## [DIRECTIONS]
No image is to be carried over; reproduce the rest of the listing word for word.

## [DATA EXCERPT]

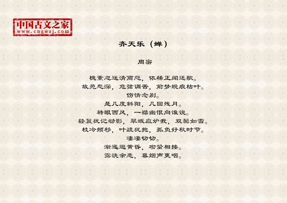 槐薰忽送清商怨,依稀正闻还歇。故苑愁深,危弦调苦,前梦蜕痕枯叶。伤情念别。是几度斜阳,几回残月。转眼西风,一襟幽恨向谁说。轻鬟犹记动影,翠蛾应妒我,双鬓如雪。枝冷频移,叶疏犹抱,孤负好秋时节。凄凄切切。渐迤逦黄昏,砌蛩相接。露洗余悲,暮烟声更咽。
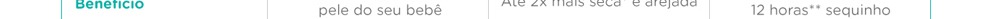 Ela também conta com camada ultra absorvente que absorve rapidamente a umidade e gel mágico que distribui o xixi uniformemente, evitando que a fralda fique pendurada.
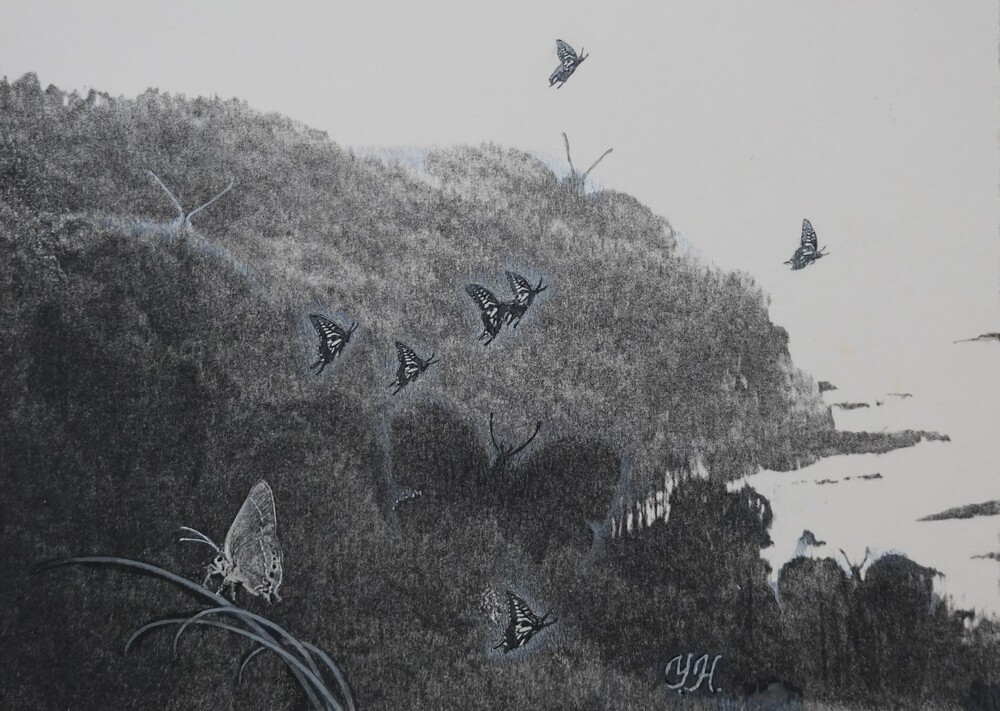 秀島は、逝去の直前まで、石牟礼道子との共作のシリーズ作品を制作しており、未完のままとなりました。石牟礼の詩のための小さな挿絵として描かれましたが、すべて、緑色の霧の空間に、主題を輪郭線なしでぼかして描くスフマート技法が試されています。

## [TASK RESPONSE]
 槐薰忽送清商怨,依稀正闻还歇。故苑愁深,危弦调苦,前梦蜕痕枯叶。伤情念别。是几度斜阳,几回残月。转眼西风,一襟幽恨向谁说。轻鬟犹记动影,翠蛾应妒我,双鬓如雪。枝冷频移,叶疏犹抱,孤负好秋时节。凄凄切切。渐迤逦黄昏,砌蛩相接。露洗余悲,暮烟声更咽。
 Ela também conta com camada ultra absorvente que absorve rapidamente a umidade e gel mágico que distribui o xixi uniformemente, evitando que a fralda fique pendurada.
 秀島は、逝去の直前まで、石牟礼道子との共作のシリーズ作品を制作しており、未完のままとなりました。石牟礼の詩のための小さな挿絵として描かれましたが、すべて、緑色の霧の空間に、主題を輪郭線なしでぼかして描くスフマート技法が試されています。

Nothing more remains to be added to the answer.